*** Opening of RECORDED DATA ***
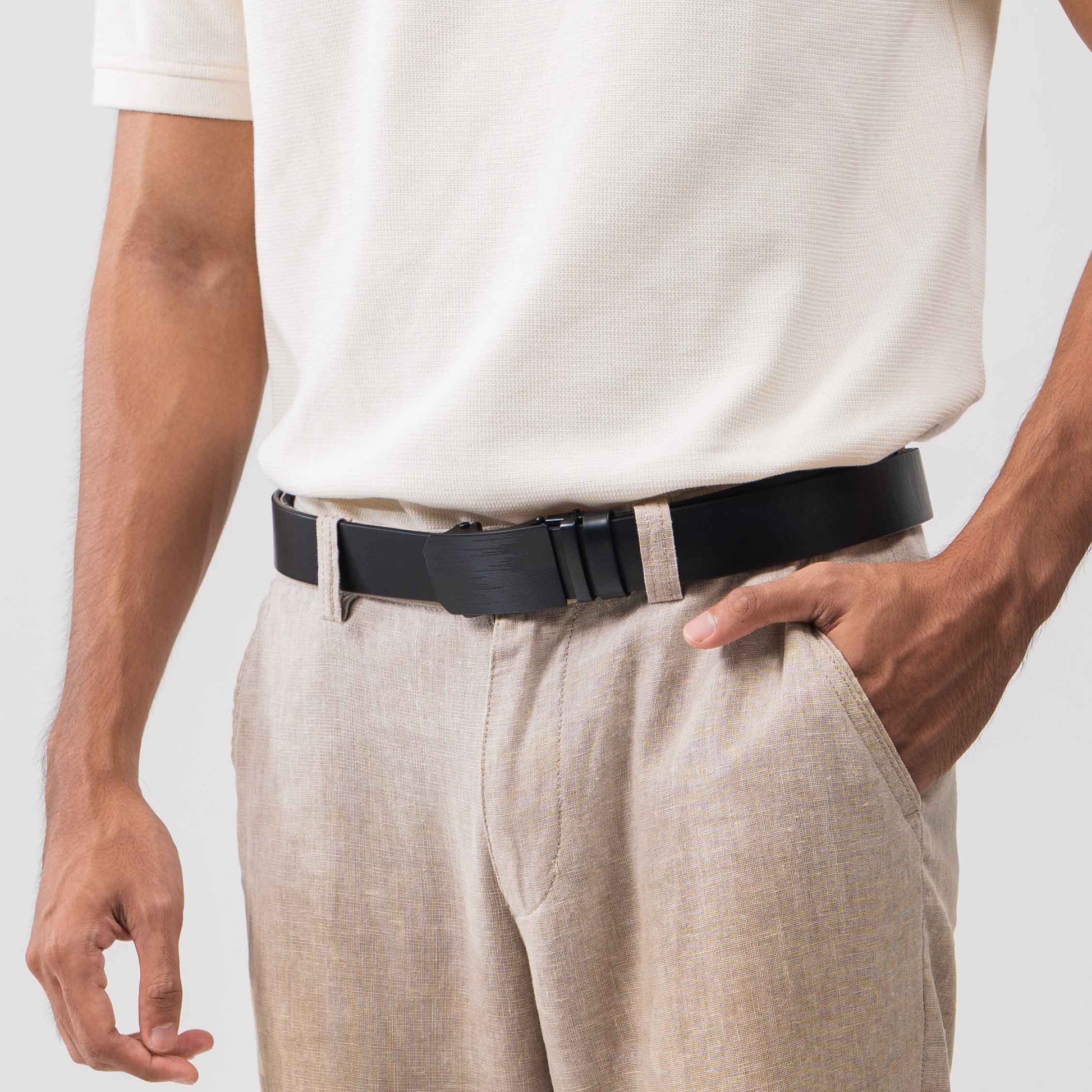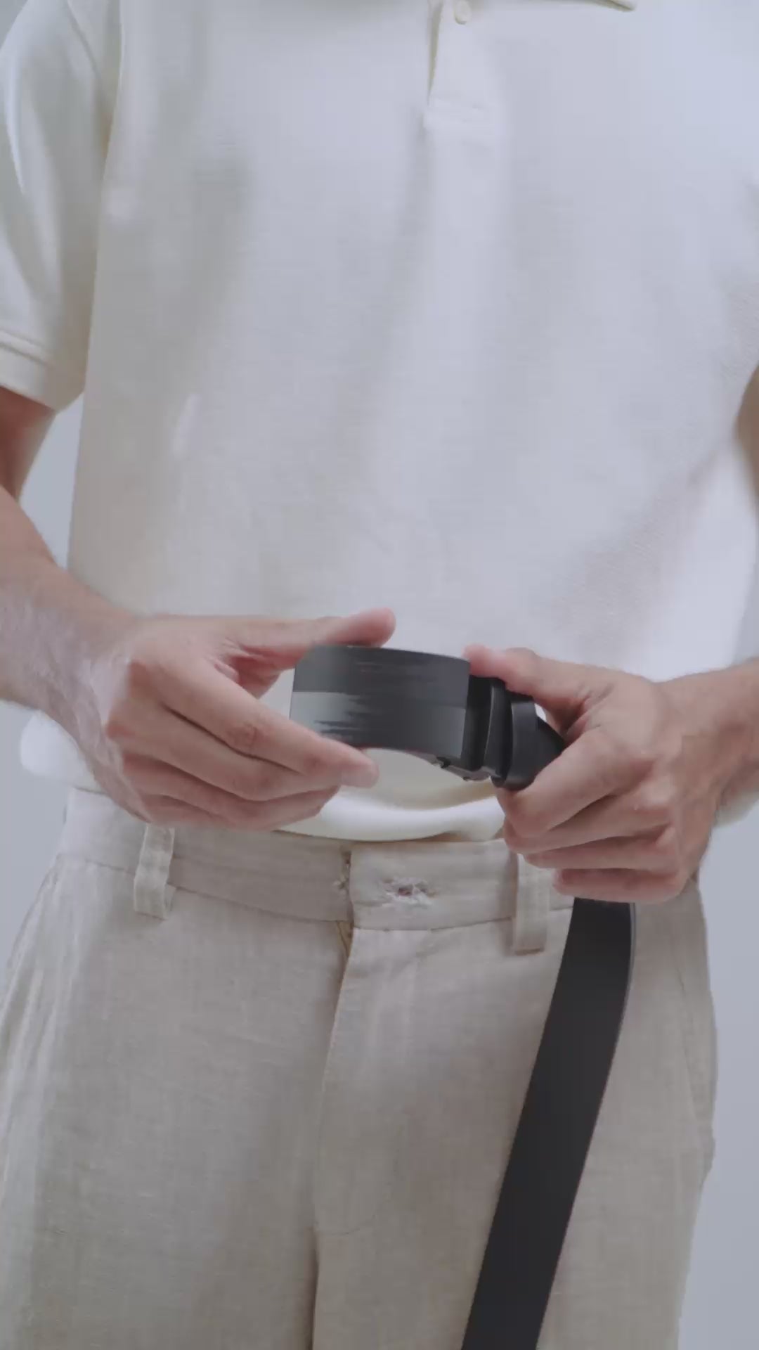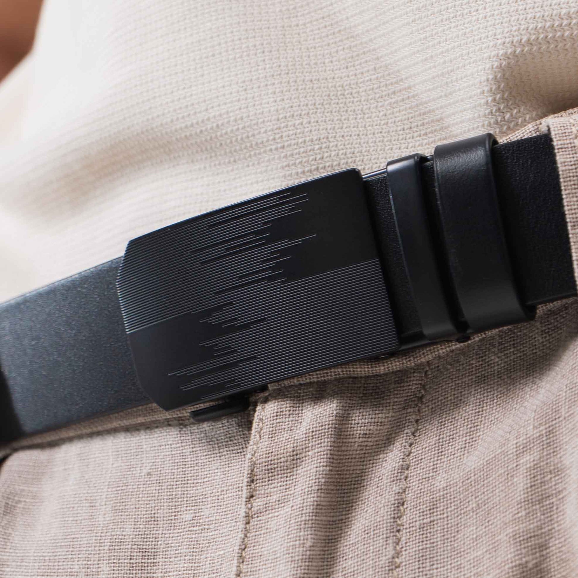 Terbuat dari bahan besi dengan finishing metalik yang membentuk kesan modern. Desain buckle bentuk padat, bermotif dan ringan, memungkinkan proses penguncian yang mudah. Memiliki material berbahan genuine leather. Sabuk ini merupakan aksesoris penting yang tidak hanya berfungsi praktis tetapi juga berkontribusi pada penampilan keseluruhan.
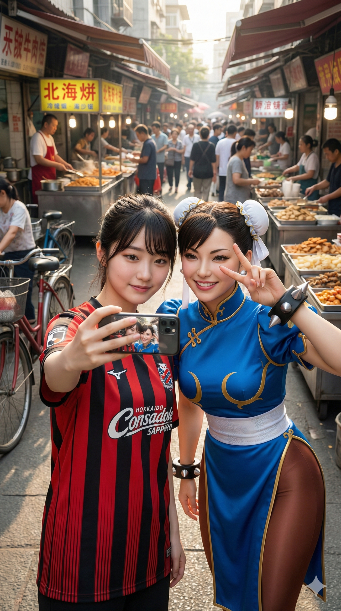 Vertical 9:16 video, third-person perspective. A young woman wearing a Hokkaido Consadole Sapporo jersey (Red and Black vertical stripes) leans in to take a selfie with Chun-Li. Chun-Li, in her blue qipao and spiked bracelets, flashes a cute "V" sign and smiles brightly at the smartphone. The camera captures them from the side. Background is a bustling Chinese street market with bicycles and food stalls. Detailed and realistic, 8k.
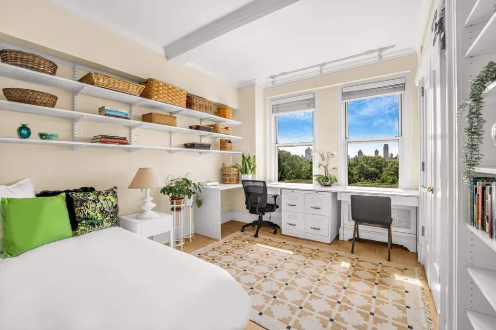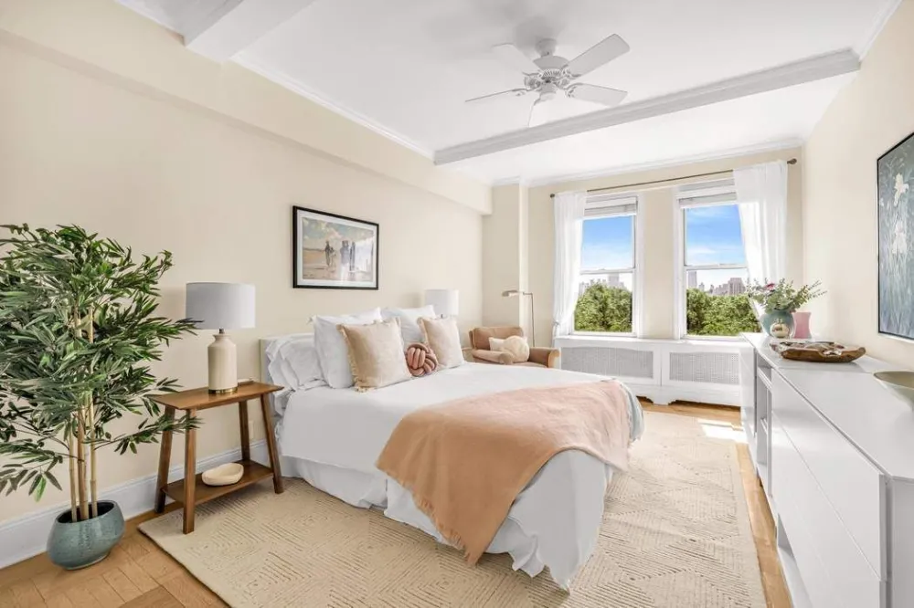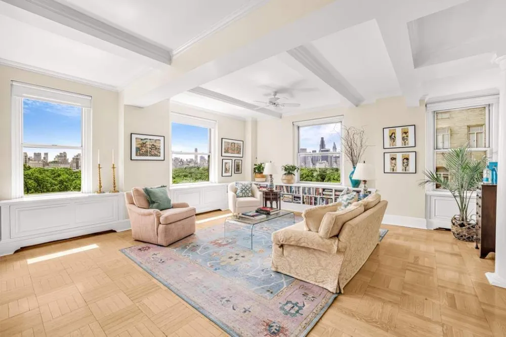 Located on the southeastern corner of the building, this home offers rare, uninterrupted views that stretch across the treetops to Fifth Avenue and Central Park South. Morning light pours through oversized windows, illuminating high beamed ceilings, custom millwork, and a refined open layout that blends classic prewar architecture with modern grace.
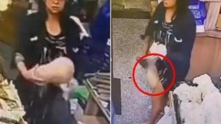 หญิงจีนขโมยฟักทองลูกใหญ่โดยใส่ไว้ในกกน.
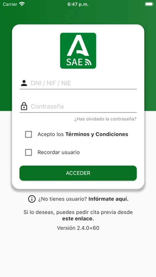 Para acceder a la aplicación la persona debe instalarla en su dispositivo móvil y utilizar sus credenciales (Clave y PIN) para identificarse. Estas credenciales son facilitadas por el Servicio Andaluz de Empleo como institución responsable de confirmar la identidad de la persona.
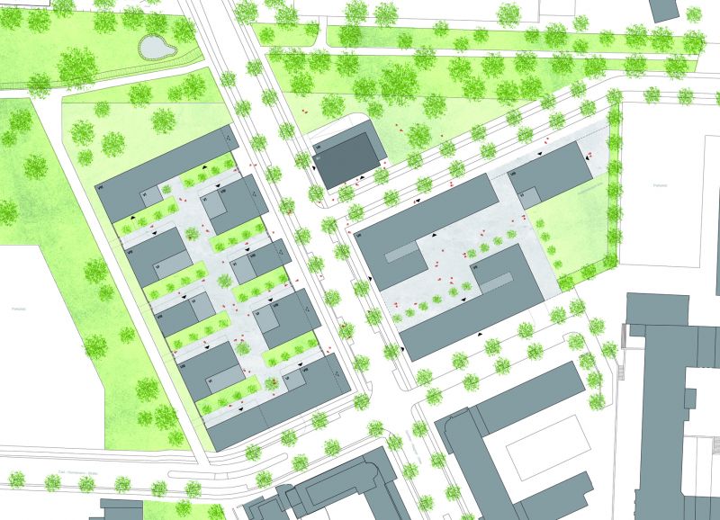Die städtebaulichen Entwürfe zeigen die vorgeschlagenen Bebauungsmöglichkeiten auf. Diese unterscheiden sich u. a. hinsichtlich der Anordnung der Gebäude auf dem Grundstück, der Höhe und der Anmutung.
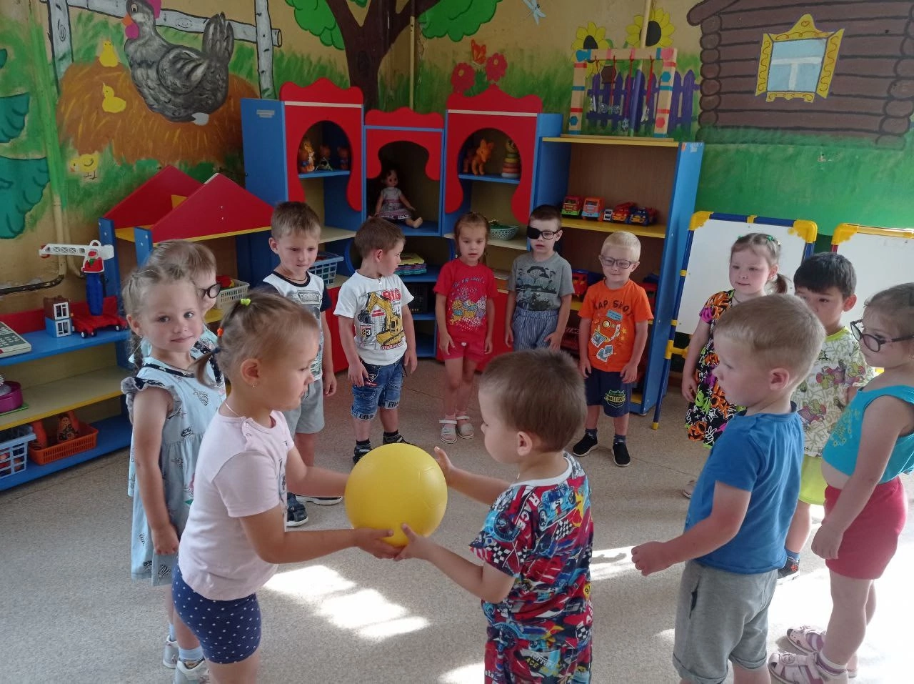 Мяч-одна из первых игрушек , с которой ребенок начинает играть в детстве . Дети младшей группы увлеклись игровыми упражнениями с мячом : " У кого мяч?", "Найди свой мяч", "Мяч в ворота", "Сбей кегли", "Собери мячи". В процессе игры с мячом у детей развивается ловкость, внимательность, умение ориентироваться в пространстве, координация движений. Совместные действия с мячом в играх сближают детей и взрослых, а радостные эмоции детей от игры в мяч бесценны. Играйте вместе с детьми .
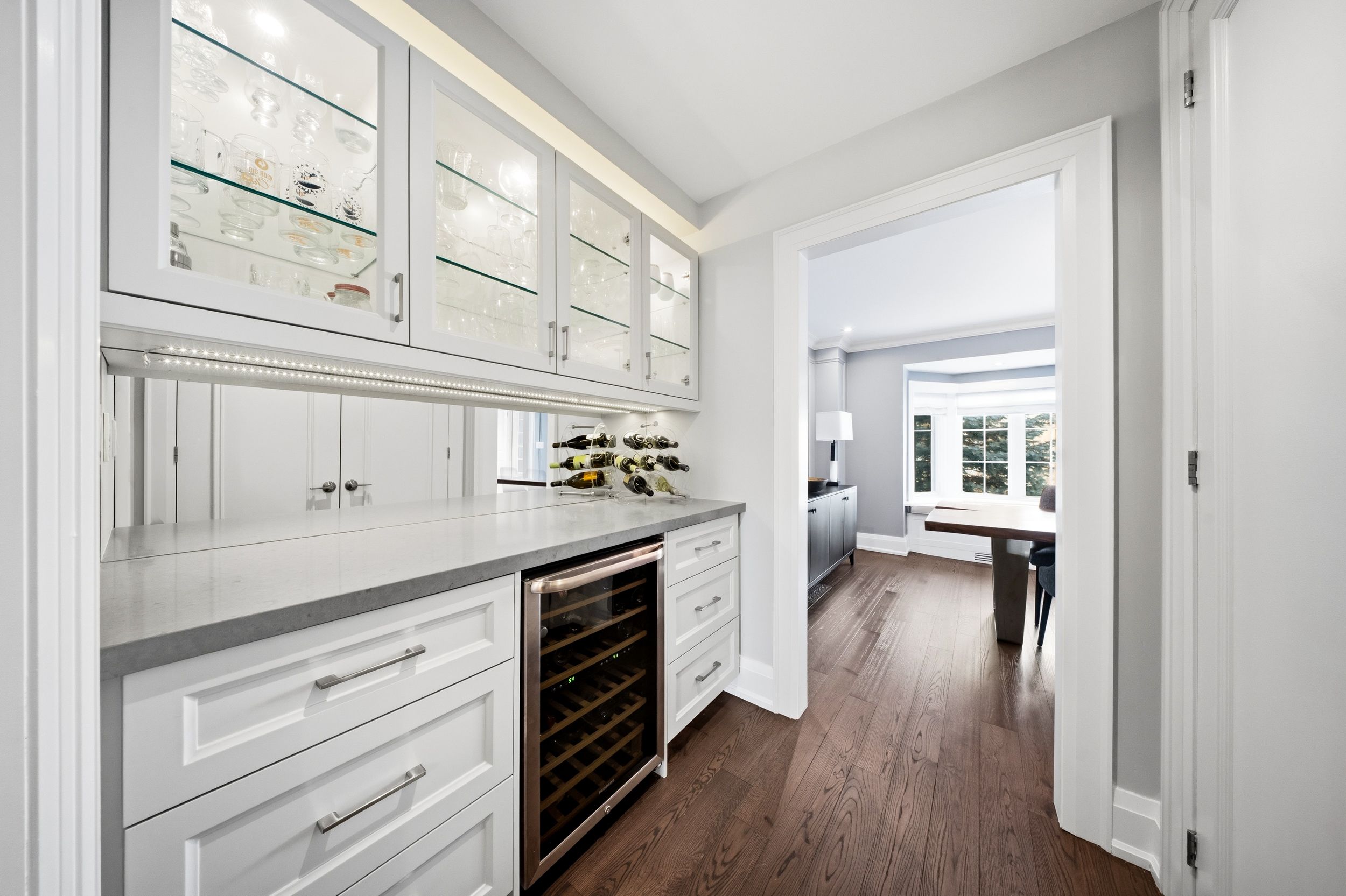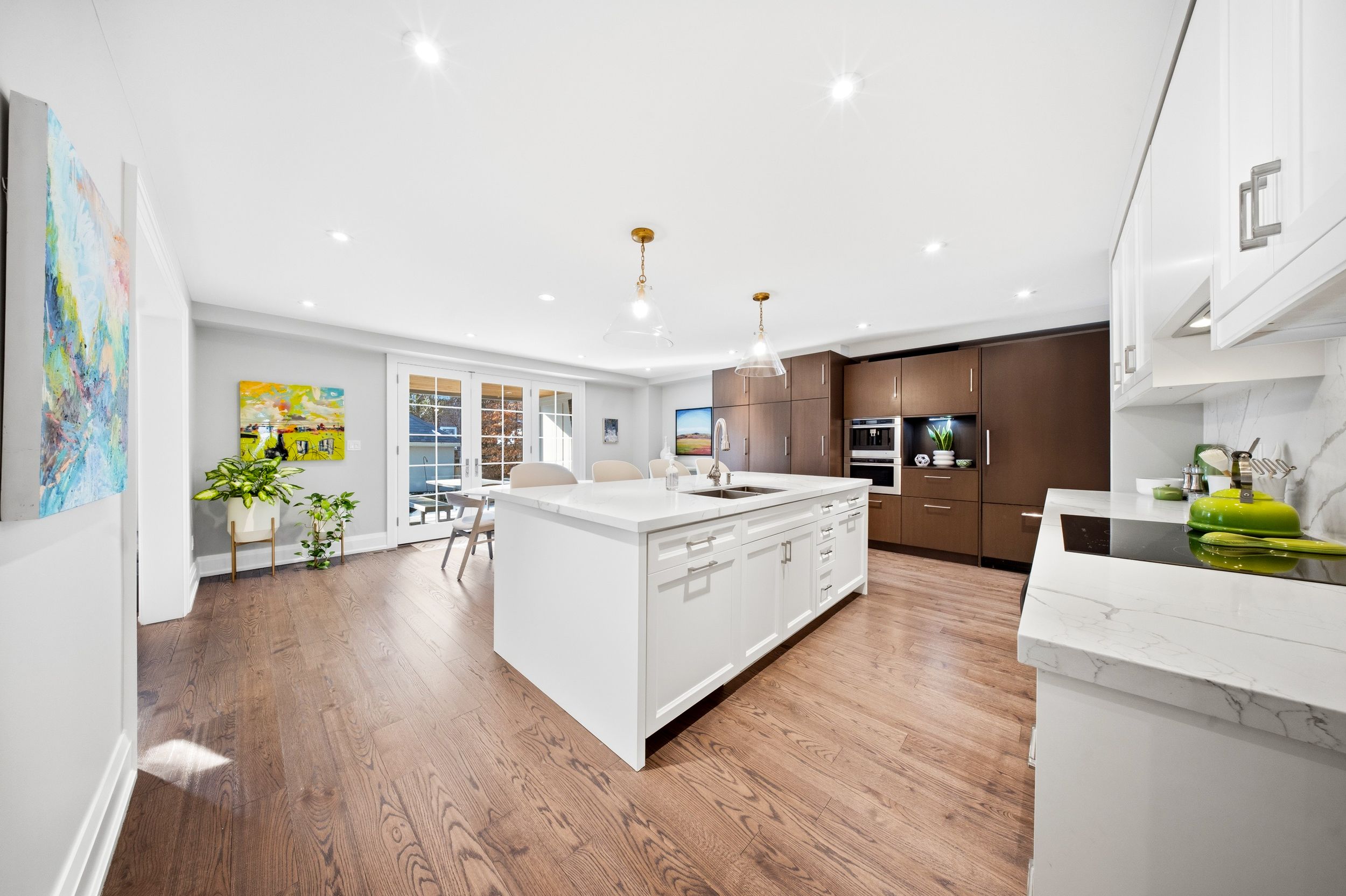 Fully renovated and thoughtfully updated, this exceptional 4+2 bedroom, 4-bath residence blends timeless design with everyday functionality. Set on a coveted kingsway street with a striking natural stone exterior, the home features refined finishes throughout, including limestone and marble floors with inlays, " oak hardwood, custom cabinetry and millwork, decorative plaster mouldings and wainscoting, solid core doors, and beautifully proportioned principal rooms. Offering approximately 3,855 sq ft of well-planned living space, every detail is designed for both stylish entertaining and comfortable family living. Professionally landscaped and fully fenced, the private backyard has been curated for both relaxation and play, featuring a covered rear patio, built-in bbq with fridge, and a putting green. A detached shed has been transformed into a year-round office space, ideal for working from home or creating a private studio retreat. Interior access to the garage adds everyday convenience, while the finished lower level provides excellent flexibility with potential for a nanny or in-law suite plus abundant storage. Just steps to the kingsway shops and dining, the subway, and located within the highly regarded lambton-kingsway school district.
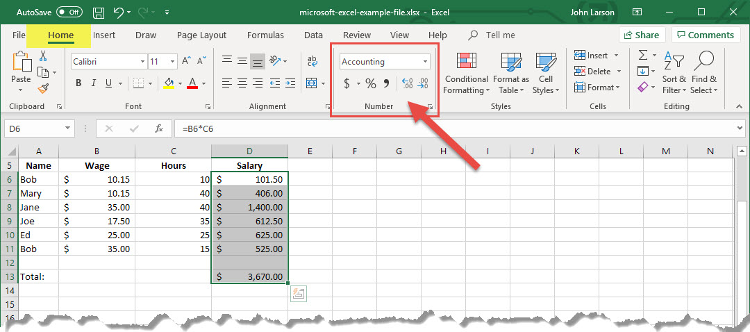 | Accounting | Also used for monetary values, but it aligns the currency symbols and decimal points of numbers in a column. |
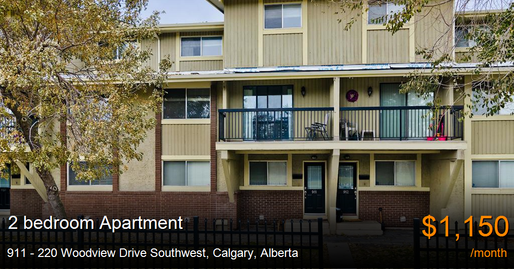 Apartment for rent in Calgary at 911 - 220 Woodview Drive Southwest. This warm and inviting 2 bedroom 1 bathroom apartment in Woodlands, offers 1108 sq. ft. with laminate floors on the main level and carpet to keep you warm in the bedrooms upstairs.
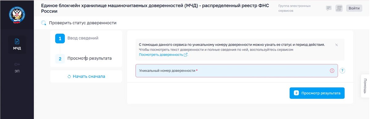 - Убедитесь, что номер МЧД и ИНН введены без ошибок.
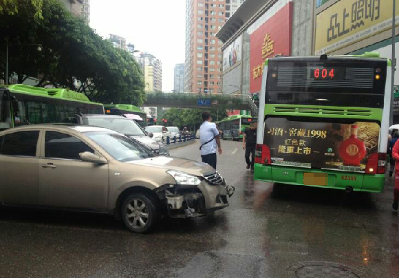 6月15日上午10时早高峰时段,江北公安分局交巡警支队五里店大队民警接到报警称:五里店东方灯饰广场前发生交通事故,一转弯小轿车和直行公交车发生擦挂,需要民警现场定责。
*** Close of RECORDED DATA ***
#### DESCRIPTION OF THE TASK:
Each word of the data should be repeated exactly, and the pictures left out.

#### RESULT BELOW:
 Terbuat dari bahan besi dengan finishing metalik yang membentuk kesan modern. Desain buckle bentuk padat, bermotif dan ringan, memungkinkan proses penguncian yang mudah. Memiliki material berbahan genuine leather. Sabuk ini merupakan aksesoris penting yang tidak hanya berfungsi praktis tetapi juga berkontribusi pada penampilan keseluruhan.
 Vertical 9:16 video, third-person perspective. A young woman wearing a Hokkaido Consadole Sapporo jersey (Red and Black vertical stripes) leans in to take a selfie with Chun-Li. Chun-Li, in her blue qipao and spiked bracelets, flashes a cute "V" sign and smiles brightly at the smartphone. The camera captures them from the side. Background is a bustling Chinese street market with bicycles and food stalls. Detailed and realistic, 8k.
 Located on the southeastern corner of the building, this home offers rare, uninterrupted views that stretch across the treetops to Fifth Avenue and Central Park South. Morning light pours through oversized windows, illuminating high beamed ceilings, custom millwork, and a refined open layout that blends classic prewar architecture with modern grace.
 หญิงจีนขโมยฟักทองลูกใหญ่โดยใส่ไว้ในกกน.
 Para acceder a la aplicación la persona debe instalarla en su dispositivo móvil y utilizar sus credenciales (Clave y PIN) para identificarse. Estas credenciales son facilitadas por el Servicio Andaluz de Empleo como institución responsable de confirmar la identidad de la persona.
Die städtebaulichen Entwürfe zeigen die vorgeschlagenen Bebauungsmöglichkeiten auf. Diese unterscheiden sich u. a. hinsichtlich der Anordnung der Gebäude auf dem Grundstück, der Höhe und der Anmutung.
 Мяч-одна из первых игрушек , с которой ребенок начинает играть в детстве . Дети младшей группы увлеклись игровыми упражнениями с мячом : " У кого мяч?", "Найди свой мяч", "Мяч в ворота", "Сбей кегли", "Собери мячи". В процессе игры с мячом у детей развивается ловкость, внимательность, умение ориентироваться в пространстве, координация движений. Совместные действия с мячом в играх сближают детей и взрослых, а радостные эмоции детей от игры в мяч бесценны. Играйте вместе с детьми .
 Fully renovated and thoughtfully updated, this exceptional 4+2 bedroom, 4-bath residence blends timeless design with everyday functionality. Set on a coveted kingsway street with a striking natural stone exterior, the home features refined finishes throughout, including limestone and marble floors with inlays, " oak hardwood, custom cabinetry and millwork, decorative plaster mouldings and wainscoting, solid core doors, and beautifully proportioned principal rooms. Offering approximately 3,855 sq ft of well-planned living space, every detail is designed for both stylish entertaining and comfortable family living. Professionally landscaped and fully fenced, the private backyard has been curated for both relaxation and play, featuring a covered rear patio, built-in bbq with fridge, and a putting green. A detached shed has been transformed into a year-round office space, ideal for working from home or creating a private studio retreat. Interior access to the garage adds everyday convenience, while the finished lower level provides excellent flexibility with potential for a nanny or in-law suite plus abundant storage. Just steps to the kingsway shops and dining, the subway, and located within the highly regarded lambton-kingsway school district.
 | Accounting | Also used for monetary values, but it aligns the currency symbols and decimal points of numbers in a column. |
 Apartment for rent in Calgary at 911 - 220 Woodview Drive Southwest. This warm and inviting 2 bedroom 1 bathroom apartment in Woodlands, offers 1108 sq. ft. with laminate floors on the main level and carpet to keep you warm in the bedrooms upstairs.
 - Убедитесь, что номер МЧД и ИНН введены без ошибок.
 6月15日上午10时早高峰时段,江北公安分局交巡警支队五里店大队民警接到报警称:五里店东方灯饰广场前发生交通事故,一转弯小轿车和直行公交车发生擦挂,需要民警现场定责。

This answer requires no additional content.